Schuld daran ist vor allem Macron selbst, der das Land selbstherrlich führt und kaum auf Stimmen aus der Gesellschaft oder Kritiker im eigenen Lager hört. Anderthalb Jahre vor den nächsten Präsidentschaftswahlen nutzt er das Thema Sicherheit für Wahlkampfzwecke. Mit dem umstrittenen Sicherheitsgesetz, gegen das am Samstag erneut mehr als 50.000 Menschen auf die Straße gingen, will er die rechte Wählerschaft für sich gewinnen.
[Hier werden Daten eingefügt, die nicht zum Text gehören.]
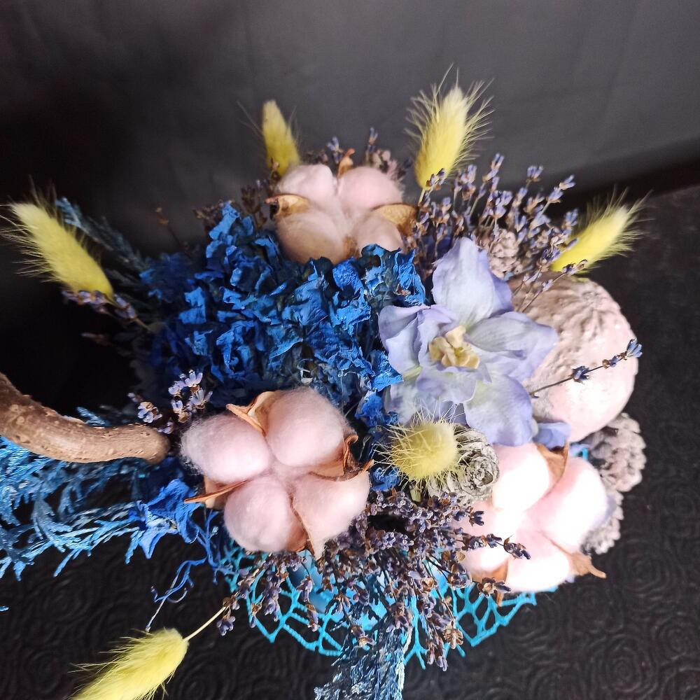 Кашпо керамическое – 1 шт.Оазис флористический – 1 шт.Лаванда (сухоцвет) – 1 шт.Гортензия – 1 шт.Хлопок – 3 шт.Лагурус – 6 шт.цветы искусственные – 4 шт.Шишки натуральные – 5 шт.Туя – 3 шт.Тыква декоративная – 1 шт.

Das umstrittene Verbot, Polizisten in „schädigender Absicht“ zu filmen, wird deshalb nicht zurückgezogen, sondern nur umgeschrieben. Gleichzeitig windet sich Macron darum herum, die Polizeigewalt beim Namen zu nennen. Seinen als Hardliner bekannten Innenminister lässt er ebenso im Amt wie den viel kritisierten Polizeipräfekten von Paris. Seine Rhetorik des „Einerseits-Andererseits“ lässt ihn vor den klaren Ansagen zurückschrecken, die vom Präsidenten als moralischer Autorität eigentlich erwartet werden.
Der Konflikt wegen des Sicherheitsgesetzes wird deshalb weiter auf der Straße ausgetragen. Und die Versöhnung, die Macron seinen Wählerinnen und Wählern 2017 versprach, ist damit in weite Ferne gerückt.